The overall aim of GLOBTAXGOV is to assess the feasibility and legitimacy of the current model of global tax governance and the role of the OECD and the EU in international tax law making. Unlike the former OECD projects that only provide for exchange of information between countries, in the BEPS Project, the EU Anti-Tax Avoidance Directive, the EU state aid investigations and the EU External Strategy, the OECD and the EU focus on substantive issues that, when implemented, will change the international tax architecture of developed and developing countries.

These initiatives aim to ensure that governments engage in fair competition and that multinationals pay their fair share. Even though these objectives are legitimate, these developments raise several questions: What is the role of the OECD and the EU in global tax governance? Under what conditions can the model of global tax governance be feasible and legitimate for both developed and developing countries? These initiatives have generated tensions between developing and developed countries and between EU and third (non-EU) countries.

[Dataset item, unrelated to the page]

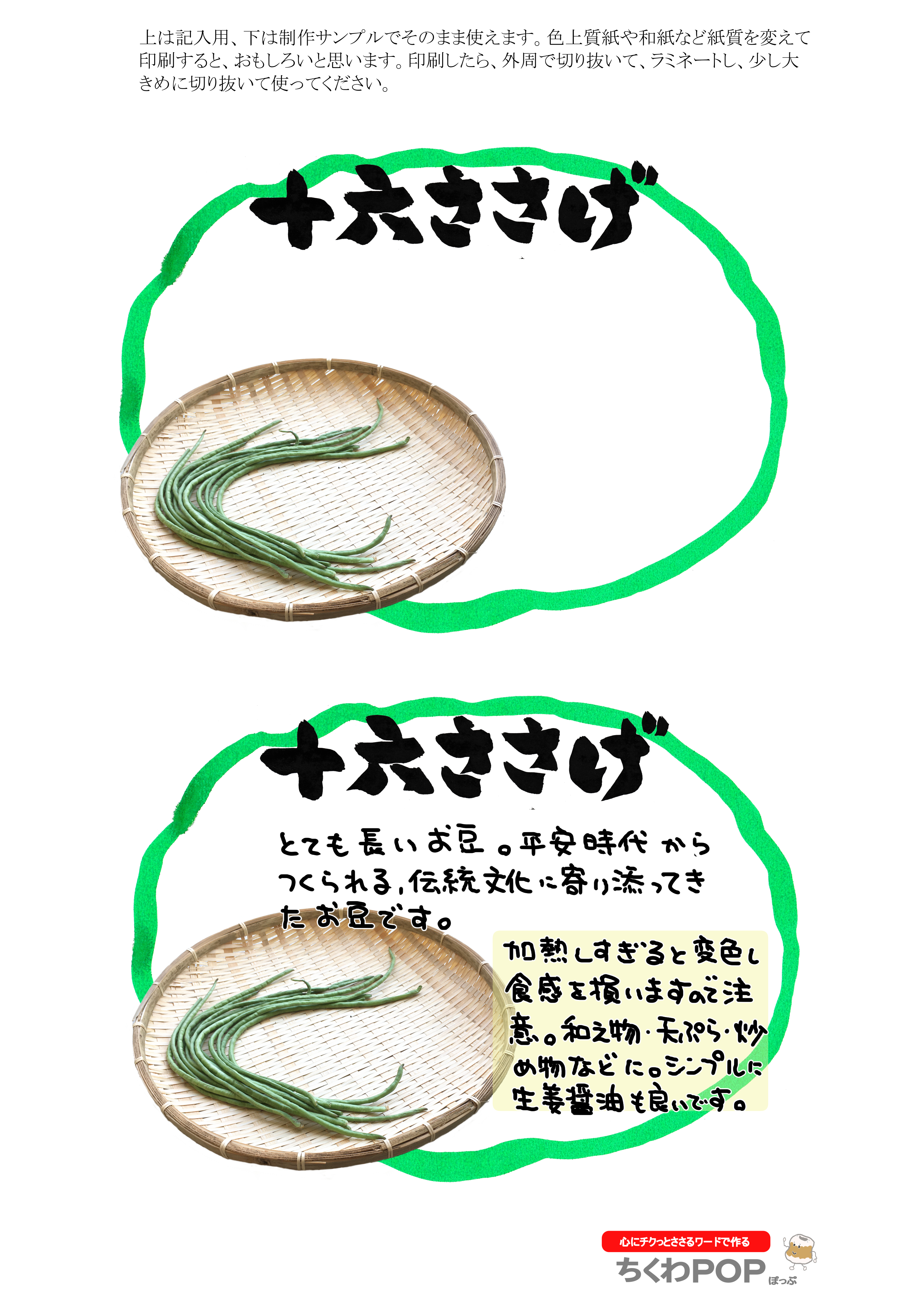 「今日のお豆」で検索してください。1枚にまとめて描き切ってしまうと、時期ずれしたとき商品がなくて困ります。目的は「自作応援」です。さっそく自分でかいてみてください。商品説明は、品種名で別のポップを検索すると出てきますので参考にしてください。

The tensions call for the articulation of a new framework of global tax governance that is legitimate and based on considerations of fairness for all countries participating.

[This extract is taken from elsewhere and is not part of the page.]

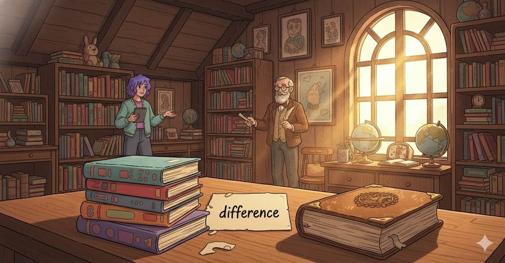 두 가지 이상의 사물, 사람, 또는 개념이 서로 같지 않고 구별되는 특징을 의미합니다. '비교'를 통해 드러나는 **'다름'**에 초점이 맞춰져 있으며, **'변화'**나 **'불일치'**를 나타내는 포괄적인 개념입니다.

Against this background, the GLOBTAXGOV project will first assess the feasibility of the legal transplant of the BEPS minimum standards into the tax systems of 8 countries of research (Australia, Colombia, India, Mexico, Netherlands, Nigeria, Senegal, and Spain ) by asking three sub-questions:

  • Why are these countries participating in the BEPS Project?
  • How will the BEPS minimum standards be transplanted into the tax system of these countries?
  • How can the differences in tax systems and tax cultures of these countries influence the content of these minimum standards?

In the following step the conditions for legitimacy of the role of the OECD and the EU will be provided in light of the theories of legitimacy and governance.